Because of the law's complexity and the often substantial deprivations that a criminal conviction can produce, the Sixth Amendment provides criminal defendants with a RIGHT TO COUNSEL. A defendant's Sixth Amendment right to counsel attaches when the government initiates adversarial criminal proceedings, whether by way of formal charge, PRELIMINARY HEARING, indictment, information, or ARRAIGNMENT (United States v. Larkin, 978 F.2d 964 [7th Cir. 1992]). Unlike the right to a speedy trial, this Sixth Amendment right does not arise at the moment of arrest unless the government has already filed formal charges (Kirby v. Illinois, 406 U.S. 682, 92 S. Ct. 1877, 32 L. Ed. 2d 411 [1972]). However, defendants may assert a FIFTH AMENDMENT right to consult with an attorney during CUSTODIAL INTERROGATION by the police, even though no formal charges have been brought and no arrest has been made (MIRANDA V. ARIZONA, 384 U.S. 436, 86 S. Ct. 1602, 16 L. Ed. 2d 694 [1966]).



Defendants do not enjoy a Sixth Amendment right to be represented by counsel during every phase of litigation that follows the initiation of formal adversarial proceedings by the state. Instead, defendants may only assert this right during "critical stages" of the proceedings (Maine v. Moulton, 474 U.S. 159, 106 S. Ct. 477, 88 L. Ed. 2d 481 [1985]). A critical stage of prosecution includes every instance in which the advice of counsel is necessary to ensure a defendant's right to a fair trial or in which the absence of counsel might impair the preparation or presentation of a defense (United States v. Hidalgo, 7 F.3d 1566 [11th Cir. 1993]).

Obviously, the trial is a critical stage in any criminal proceeding, as are jury selection, sentencing, and nearly every effort by the government to elicit information from the accused, including interrogation.
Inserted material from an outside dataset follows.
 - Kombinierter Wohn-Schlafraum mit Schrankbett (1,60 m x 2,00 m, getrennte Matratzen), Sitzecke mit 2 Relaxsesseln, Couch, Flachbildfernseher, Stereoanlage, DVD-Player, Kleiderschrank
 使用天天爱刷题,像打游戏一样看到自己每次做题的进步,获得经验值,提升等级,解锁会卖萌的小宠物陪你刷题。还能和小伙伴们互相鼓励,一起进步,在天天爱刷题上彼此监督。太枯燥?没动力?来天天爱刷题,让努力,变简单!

However, courts are divided on the issue of whether the state may perform a consensual search of a defendant's premises without the advice or presence of counsel. At the same time, courts generally agree that pretrial hearings involving issues related to bail, the suppression of evidence, or the viability of the prosecution's case all qualify as critical stages of criminal proceedings (Smith v. Lockhart, 923 F.2d 1314 [8th Cir. 1991]). The U.S. Supreme Court has ruled that the denial of counsel during a critical stage amounts to an unconstitutional deprivation of a fair trial, warranting the reversal of conviction (United States v. Cronic, 466 U.S. 648, 104 S. Ct. 2039, 80 L. Ed. 2d 657 [1984]).
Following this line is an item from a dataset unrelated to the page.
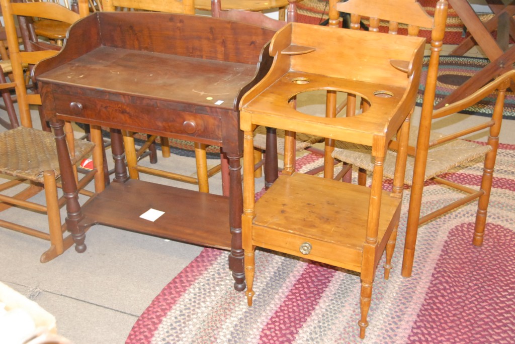 Two wash stands, one mahogany and one pine both with a drawer.

Courts also generally agree on a number of instances that do not constitute critical stages. For example, pretrial scientific analysis of fingerprints, blood samples, clothing, hair, handwriting, and voice samples have all been ruled to be noncritical stages (United States v. Wade, 388 U.S. 218, 87 S. Ct. 1926, 18 L. Ed. 2d 1149 [1967]). Nor is a PROBABLE CAUSE hearing sufficiently critical to trigger the right to counsel (Gerstein v. Pugh, 420 U.S. 103, 95 S. Ct. 854, 43 L. Ed. 2d 54 [1975]). Each of these noncritical stages has been described as a preliminary facet of criminal prosecution that is largely unassociated with the more adversarial phases invoking the right to counsel.
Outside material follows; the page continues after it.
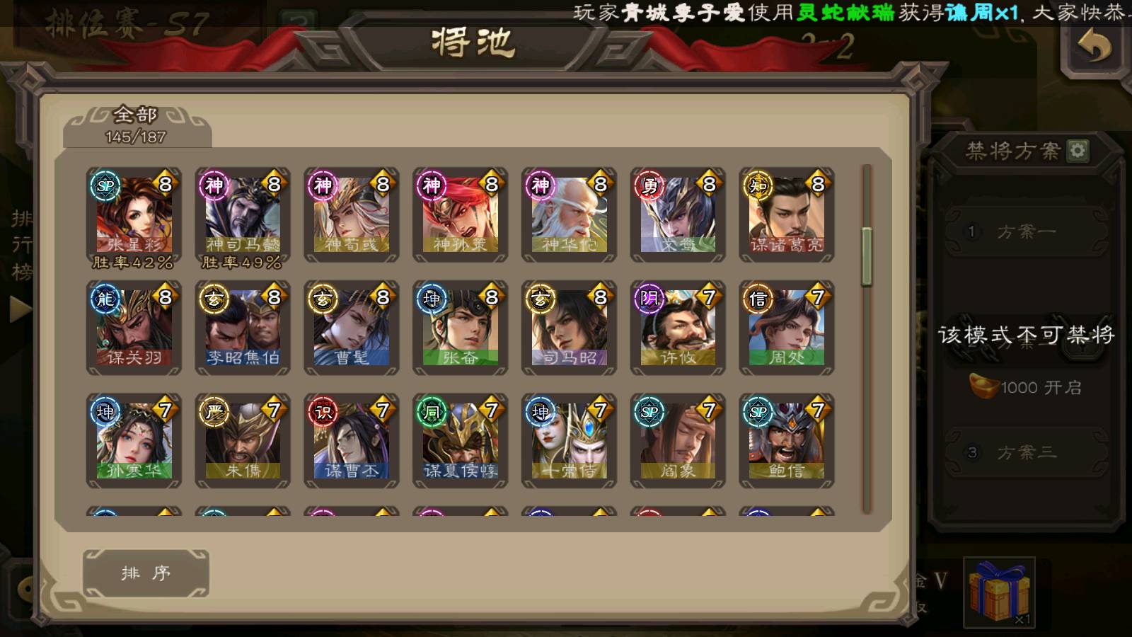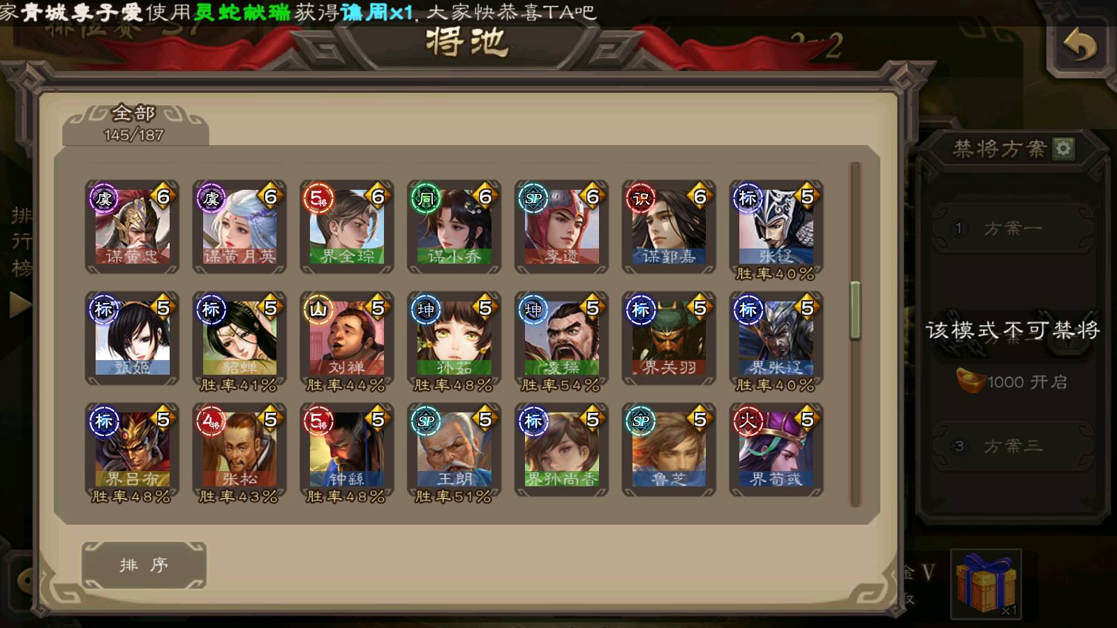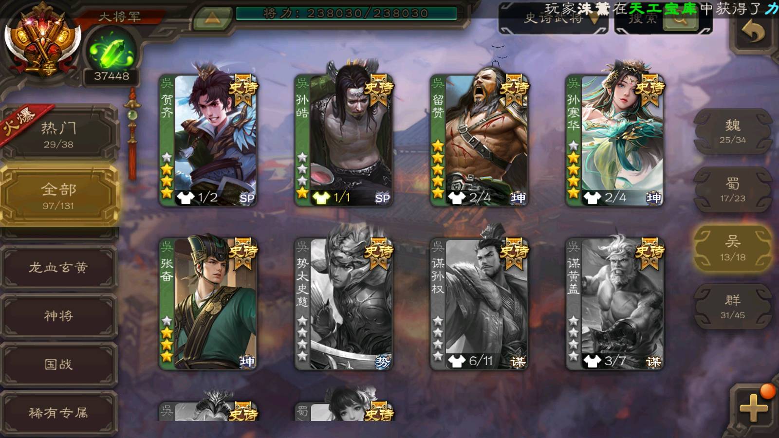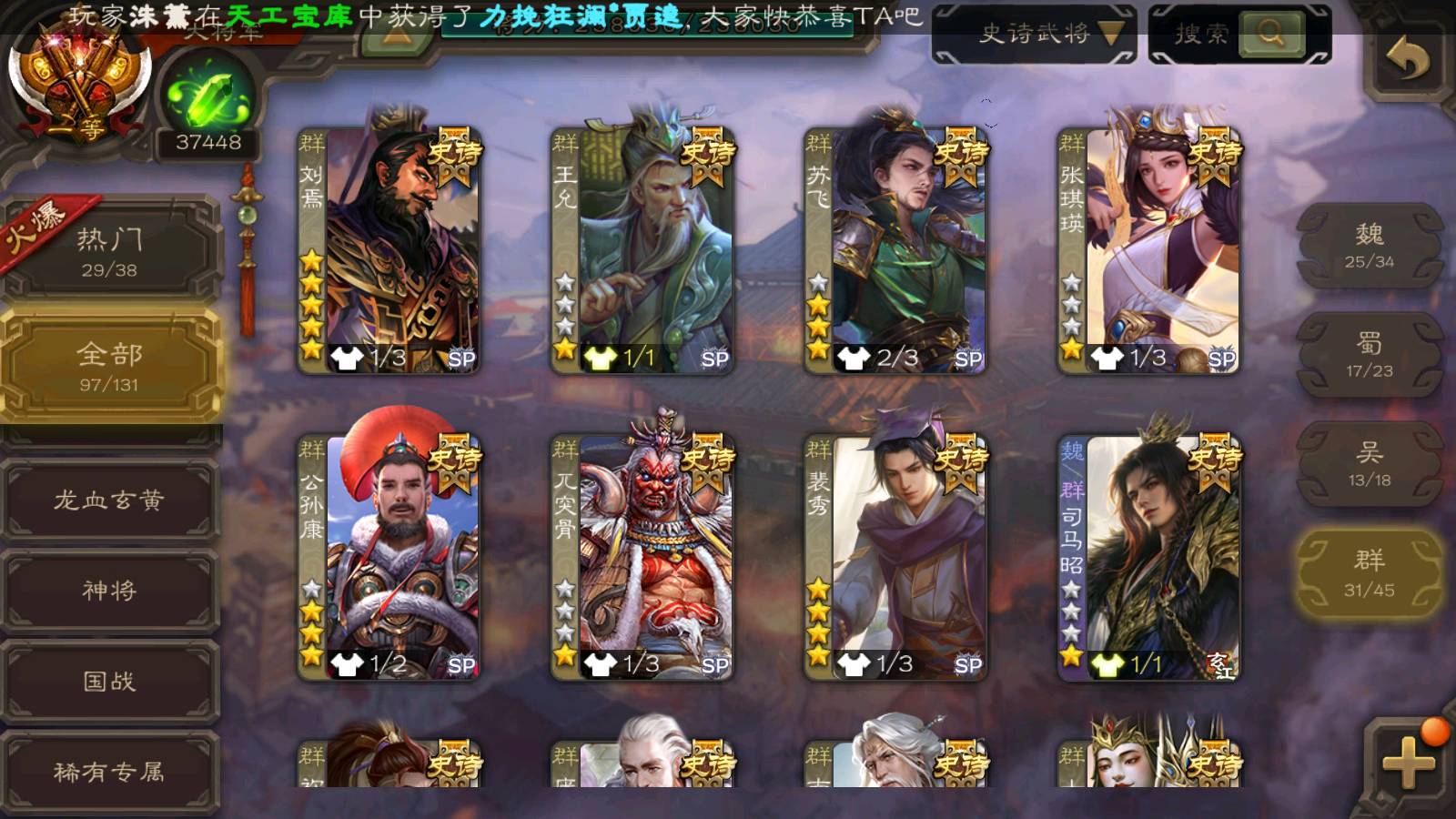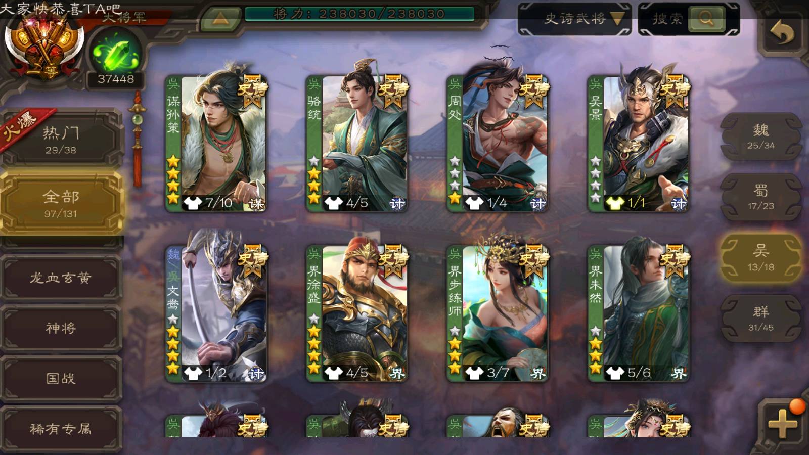 (群雄):刘焉,杜预,祢衡,界左慈,界沮授,南华老仙,麴义,许攸,十常侍,星董卓,谋貂蝉,司马昭,张让,界李儒,苏飞,庞德公,星甘宁,张琪瑛,裴秀,卑弥呼,士燮,谋张角,王允,公孙康,陶谦,审配,星黄忠,司马徽,左慈,沮授,兀突骨

If a defendant cannot afford to hire an attorney, the Sixth Amendment requires that the trial judge appoint one on her behalf (GIDEON V. WAINWRIGHT, 372 U.S. 335, 83 S. Ct. 792, 9 L. Ed. 2d 799 [1963]). In instances where an indigent defendant has some financial resources, she may be required to reimburse the government for a portion of the fees paid to the court-appointed lawyer. The Sixth Amendment right of indigent criminal defendants to receive a court-appointed lawyer applies to every case involving a felony offense and to all other cases in which the defendant is actually incarcerated for any length of time, regardless of whether the crime is categorized as a misdemeanor or petty offense (Argersinger v. Hamlin, 407 U.S. 25, 92 S. Ct. 2006, 32 L. Ed. 2d 530 [1972]).

Persons who have been convicted of crimes may not compel a court-appointed attorney to file an appeal that the attorney believes is frivolous. In Anders v. California, 368 U.S. 738, 87 S.Ct. 1396, 18 L.Ed.2d 493 (1967), the U.S. Supreme Court set out a procedure that an attorney must follow to request either withdrawal from the case or to have the court dispose of the case without a full legal review. However, in Smith v. Robbins, 528 U.S. 259, 120 S.Ct. 746, 145 L. Ed. 2d 756 (2000) the Court ruled that its precedent was not a "straitjacket" and that states were free to come up with procedures that protected both the criminal client and his attorney.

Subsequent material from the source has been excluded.